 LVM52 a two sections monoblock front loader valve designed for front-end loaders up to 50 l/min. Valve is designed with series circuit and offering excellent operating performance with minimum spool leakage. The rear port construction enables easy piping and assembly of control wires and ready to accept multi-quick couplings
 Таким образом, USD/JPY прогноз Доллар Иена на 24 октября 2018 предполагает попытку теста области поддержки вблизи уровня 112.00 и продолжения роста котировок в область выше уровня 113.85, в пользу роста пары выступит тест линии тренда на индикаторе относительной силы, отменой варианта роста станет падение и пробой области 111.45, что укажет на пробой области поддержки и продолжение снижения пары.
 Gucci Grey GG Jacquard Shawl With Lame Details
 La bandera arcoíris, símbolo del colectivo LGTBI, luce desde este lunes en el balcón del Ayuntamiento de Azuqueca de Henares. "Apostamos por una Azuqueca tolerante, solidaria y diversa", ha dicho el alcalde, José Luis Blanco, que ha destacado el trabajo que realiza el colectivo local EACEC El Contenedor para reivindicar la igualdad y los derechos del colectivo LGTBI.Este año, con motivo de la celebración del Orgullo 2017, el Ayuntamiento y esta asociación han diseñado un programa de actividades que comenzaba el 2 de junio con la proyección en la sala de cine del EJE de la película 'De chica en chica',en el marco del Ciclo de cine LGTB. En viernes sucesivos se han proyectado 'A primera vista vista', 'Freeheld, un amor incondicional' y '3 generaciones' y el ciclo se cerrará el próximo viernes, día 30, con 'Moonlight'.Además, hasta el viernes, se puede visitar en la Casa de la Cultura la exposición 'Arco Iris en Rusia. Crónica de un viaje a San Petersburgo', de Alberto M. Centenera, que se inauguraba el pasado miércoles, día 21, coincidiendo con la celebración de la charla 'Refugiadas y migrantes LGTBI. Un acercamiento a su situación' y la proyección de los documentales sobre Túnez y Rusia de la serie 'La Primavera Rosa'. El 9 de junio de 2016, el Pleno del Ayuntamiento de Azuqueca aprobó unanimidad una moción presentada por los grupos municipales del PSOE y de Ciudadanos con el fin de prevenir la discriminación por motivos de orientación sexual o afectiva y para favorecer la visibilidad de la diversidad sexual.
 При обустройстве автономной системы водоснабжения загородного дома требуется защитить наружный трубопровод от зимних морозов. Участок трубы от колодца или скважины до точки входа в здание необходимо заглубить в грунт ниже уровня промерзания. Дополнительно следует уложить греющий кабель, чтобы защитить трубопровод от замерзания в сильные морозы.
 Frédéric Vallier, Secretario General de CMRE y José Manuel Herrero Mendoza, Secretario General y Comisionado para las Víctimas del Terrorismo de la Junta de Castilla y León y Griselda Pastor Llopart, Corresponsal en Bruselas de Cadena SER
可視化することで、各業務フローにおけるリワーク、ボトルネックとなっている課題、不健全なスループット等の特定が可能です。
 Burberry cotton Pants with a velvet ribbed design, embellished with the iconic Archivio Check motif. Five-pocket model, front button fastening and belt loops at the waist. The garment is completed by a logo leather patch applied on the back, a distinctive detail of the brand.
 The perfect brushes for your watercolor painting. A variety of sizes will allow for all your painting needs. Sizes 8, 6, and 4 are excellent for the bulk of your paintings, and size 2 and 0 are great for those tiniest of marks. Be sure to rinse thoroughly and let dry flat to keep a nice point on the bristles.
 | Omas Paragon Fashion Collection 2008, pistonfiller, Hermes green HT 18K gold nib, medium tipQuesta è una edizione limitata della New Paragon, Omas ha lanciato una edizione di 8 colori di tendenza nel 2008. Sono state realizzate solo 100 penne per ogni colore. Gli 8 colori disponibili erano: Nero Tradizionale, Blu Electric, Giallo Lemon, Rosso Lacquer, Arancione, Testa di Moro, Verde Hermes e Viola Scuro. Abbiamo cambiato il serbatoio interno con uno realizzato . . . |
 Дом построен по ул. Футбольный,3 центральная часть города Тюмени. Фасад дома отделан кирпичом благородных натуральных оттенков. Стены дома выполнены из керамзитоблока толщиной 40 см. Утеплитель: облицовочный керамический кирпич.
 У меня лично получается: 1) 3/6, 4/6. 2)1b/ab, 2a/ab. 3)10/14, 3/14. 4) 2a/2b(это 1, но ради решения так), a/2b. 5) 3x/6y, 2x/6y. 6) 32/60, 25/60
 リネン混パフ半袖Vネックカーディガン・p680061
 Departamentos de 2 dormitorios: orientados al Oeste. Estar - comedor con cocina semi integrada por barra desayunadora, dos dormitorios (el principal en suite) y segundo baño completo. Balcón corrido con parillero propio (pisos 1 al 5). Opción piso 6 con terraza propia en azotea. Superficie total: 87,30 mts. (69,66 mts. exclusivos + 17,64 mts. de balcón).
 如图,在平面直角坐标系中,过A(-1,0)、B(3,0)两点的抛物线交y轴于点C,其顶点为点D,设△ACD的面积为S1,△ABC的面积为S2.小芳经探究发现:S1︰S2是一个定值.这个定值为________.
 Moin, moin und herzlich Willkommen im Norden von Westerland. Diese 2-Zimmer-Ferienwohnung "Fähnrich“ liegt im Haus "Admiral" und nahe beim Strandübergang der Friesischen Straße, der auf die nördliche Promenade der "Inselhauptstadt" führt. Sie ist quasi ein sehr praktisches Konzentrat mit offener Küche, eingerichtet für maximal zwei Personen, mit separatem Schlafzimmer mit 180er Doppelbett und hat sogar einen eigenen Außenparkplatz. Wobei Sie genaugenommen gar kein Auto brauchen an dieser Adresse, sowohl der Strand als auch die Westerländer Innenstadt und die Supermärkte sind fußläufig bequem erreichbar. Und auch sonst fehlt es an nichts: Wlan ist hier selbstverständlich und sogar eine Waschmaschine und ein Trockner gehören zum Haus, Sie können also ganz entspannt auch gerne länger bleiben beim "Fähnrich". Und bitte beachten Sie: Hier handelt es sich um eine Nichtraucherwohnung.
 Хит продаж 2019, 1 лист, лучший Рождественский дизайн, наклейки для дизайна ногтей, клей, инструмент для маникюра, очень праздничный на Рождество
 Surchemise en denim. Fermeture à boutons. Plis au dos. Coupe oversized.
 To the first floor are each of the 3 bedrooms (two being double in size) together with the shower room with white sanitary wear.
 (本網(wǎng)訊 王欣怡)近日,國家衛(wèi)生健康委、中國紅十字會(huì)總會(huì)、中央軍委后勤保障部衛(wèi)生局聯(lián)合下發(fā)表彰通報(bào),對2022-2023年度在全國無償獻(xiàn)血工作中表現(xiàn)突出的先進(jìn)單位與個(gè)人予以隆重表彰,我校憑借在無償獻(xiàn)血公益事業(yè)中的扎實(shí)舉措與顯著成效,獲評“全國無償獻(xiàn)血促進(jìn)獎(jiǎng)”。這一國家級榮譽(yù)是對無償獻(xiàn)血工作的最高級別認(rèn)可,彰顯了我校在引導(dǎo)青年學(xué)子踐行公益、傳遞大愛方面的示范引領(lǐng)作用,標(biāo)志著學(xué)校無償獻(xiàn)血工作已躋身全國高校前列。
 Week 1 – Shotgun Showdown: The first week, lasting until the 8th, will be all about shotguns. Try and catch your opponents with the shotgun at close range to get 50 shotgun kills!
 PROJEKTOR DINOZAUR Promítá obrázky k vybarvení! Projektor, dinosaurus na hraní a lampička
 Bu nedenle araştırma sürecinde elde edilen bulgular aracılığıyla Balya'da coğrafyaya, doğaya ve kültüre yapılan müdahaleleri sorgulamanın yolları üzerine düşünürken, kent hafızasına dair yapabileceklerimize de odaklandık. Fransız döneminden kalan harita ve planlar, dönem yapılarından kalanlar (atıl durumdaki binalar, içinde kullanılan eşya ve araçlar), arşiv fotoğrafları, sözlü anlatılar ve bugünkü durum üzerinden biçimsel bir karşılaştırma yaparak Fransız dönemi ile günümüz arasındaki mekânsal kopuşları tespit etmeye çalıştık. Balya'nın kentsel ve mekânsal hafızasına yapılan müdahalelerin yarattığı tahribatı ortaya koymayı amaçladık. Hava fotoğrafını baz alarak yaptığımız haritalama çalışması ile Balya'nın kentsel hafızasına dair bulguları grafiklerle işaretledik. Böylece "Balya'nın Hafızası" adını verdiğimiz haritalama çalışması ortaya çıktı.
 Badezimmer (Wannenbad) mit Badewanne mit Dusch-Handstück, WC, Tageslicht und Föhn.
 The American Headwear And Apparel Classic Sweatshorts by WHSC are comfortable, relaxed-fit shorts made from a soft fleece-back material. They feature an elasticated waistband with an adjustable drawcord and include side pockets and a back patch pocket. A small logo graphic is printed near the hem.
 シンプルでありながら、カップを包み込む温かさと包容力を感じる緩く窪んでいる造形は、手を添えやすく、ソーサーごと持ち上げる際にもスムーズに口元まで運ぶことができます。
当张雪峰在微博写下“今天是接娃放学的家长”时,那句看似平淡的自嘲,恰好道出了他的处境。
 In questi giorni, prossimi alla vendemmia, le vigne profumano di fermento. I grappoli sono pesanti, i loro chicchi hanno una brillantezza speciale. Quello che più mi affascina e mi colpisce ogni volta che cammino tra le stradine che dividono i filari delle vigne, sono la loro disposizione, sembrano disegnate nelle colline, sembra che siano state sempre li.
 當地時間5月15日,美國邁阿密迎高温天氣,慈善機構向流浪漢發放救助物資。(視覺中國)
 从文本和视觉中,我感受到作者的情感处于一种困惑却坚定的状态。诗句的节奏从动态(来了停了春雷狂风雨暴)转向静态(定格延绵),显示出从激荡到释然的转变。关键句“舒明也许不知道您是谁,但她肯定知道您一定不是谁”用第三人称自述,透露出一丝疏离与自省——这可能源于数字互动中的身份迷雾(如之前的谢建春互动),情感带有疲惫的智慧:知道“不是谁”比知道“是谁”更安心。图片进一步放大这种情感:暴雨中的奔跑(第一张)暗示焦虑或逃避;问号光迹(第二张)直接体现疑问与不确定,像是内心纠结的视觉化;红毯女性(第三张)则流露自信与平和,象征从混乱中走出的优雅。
——————
Task to carry out:
Given the data above, which lines hold the string "your"? Return them.

Task answer:
 The perfect brushes for your watercolor painting. A variety of sizes will allow for all your painting needs. Sizes 8, 6, and 4 are excellent for the bulk of your paintings, and size 2 and 0 are great for those tiniest of marks. Be sure to rinse thoroughly and let dry flat to keep a nice point on the bristles.
 Week 1 – Shotgun Showdown: The first week, lasting until the 8th, will be all about shotguns. Try and catch your opponents with the shotgun at close range to get 50 shotgun kills!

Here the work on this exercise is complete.